I guess I think of laryngospasm as being associated with the glottic opening (glottic reflex), I am not trying to be demeaning. I am just trying to figure out why you would have symptoms of laryngospasm with a tracheostomy in place. (It is one of the last ditch treatments for laryngospasm.) I am still not sure I understand the pathophysiology of your symptoms, and as you have them I am sure you do. So please explain to me what is happening to you?

Smiling RU, I think I understand what you are saying now. You thought that because I had a trach that it would stop the laryngospasms. Right? It doesn't stop the largyngospasms....it keeps it from killing me. It provides me with an airway. The trach is below the larynx, so I can breathe when a spasm occurs. The reason that I got the trach is because both of my vocal cords are paralyzed in a closed position. They are about 2 mm apart. I can talk, but I couldn't breathe in good. I became dyspneic with minimal exertion. The doctor didn't take out my larynx. He just trached me.
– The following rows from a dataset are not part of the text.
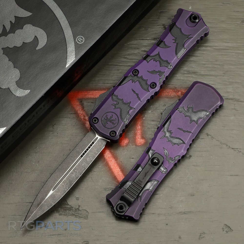 Microtech Hera II Mini, OTF, Automatic Knife, Purple, Halloween Bats, Limited Edition, Signature Series, 3 Inch, Double Edge, Dagger, Apocalyptic, Titanium Clip, 100% Made in the USA, 1702M-1HWBAS
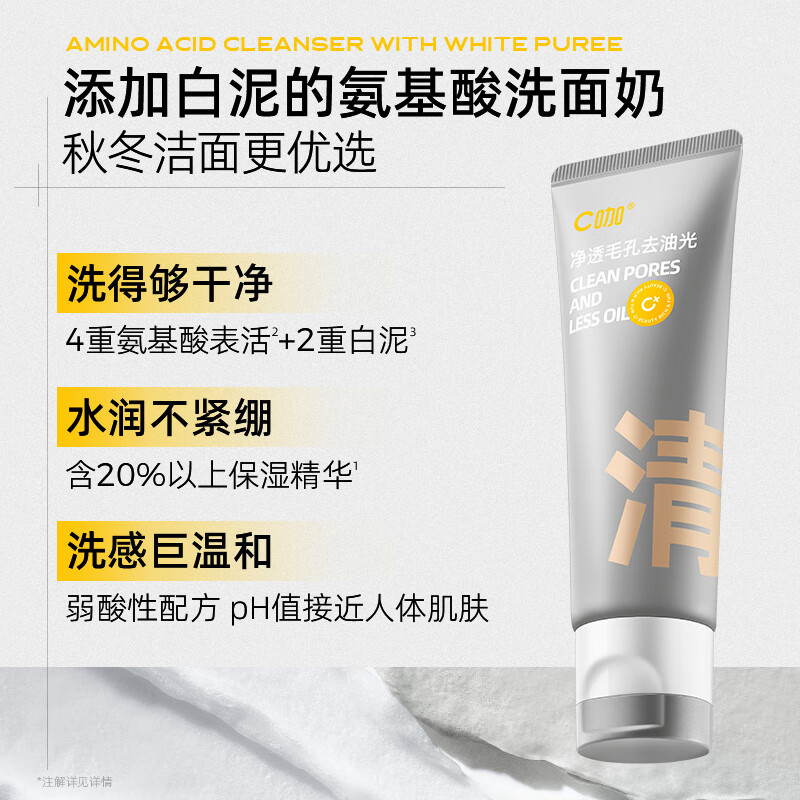 C咖氨基酸双管洗面奶白泥清透净肤洁面乳男女控油保湿80g*3支价格:159.90元!
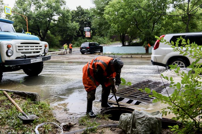 В Находке зафиксировано 102 мм осадков. Это означает, что за ночь в нашем городе выпала почти месячная норма. Наиболее серьезно последствия удара стихии проявились в микрорайоне Врангель. Селевые потоки, сошедшие с сопок, заблокировали центральную автомагистраль на подъездах к населенному пункту массой грунта и камней. В настоящий момент дорожные службы в усиленном составе ведут работы по расчистке трассы.
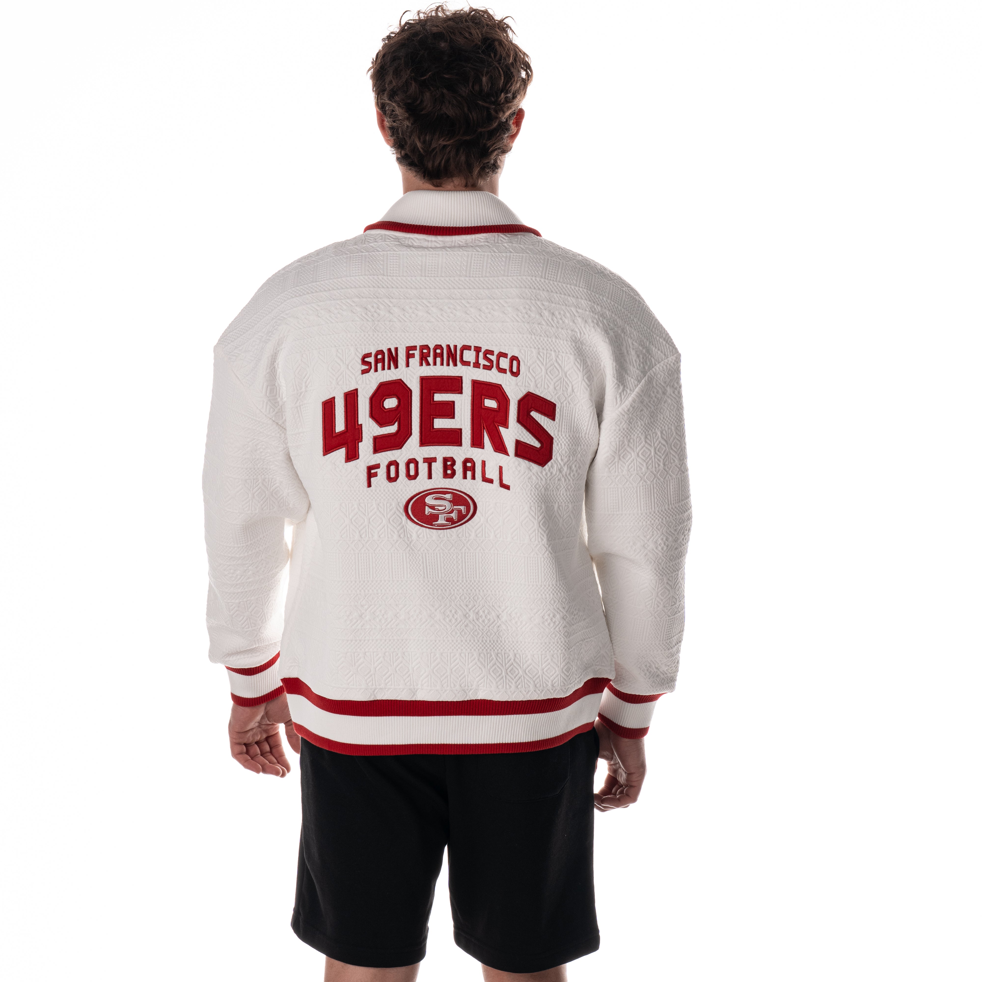 Rep the Niners in a vintage-inspired look that works on game day or any day. This unisex cable knit bomber brings in those classic team details with a clean front and bold back graphic that stands out. The striped trim gives it that throwback edge, and the relaxed fit makes it easy to layer with whatever you’re wearing. Officially licensed NFL product.

Is that what you were talking about?

Melinda

I don't understand the pathophysiology of them either. I just know that I have them. I guess that you'll have to experience it to understand it. What do you call it when someone's airway is tightening around the endotracheal tube? Or have you never had a patient with a difficult airway? This web site shows an actual example of a laryngeal spasm:

http://www.voicedoctor.net/media/video/laryngospasm/laryngospasmmovie.html

The same doctor states:

For patients with bilateral paralysis where the vocal cords are near each other all the time, I have lateralized one of the vocal cords successfully decreasing or eliminating the frequent episodes. His site can explain it better than I can. I'm just a nurse and a patient with the disorder.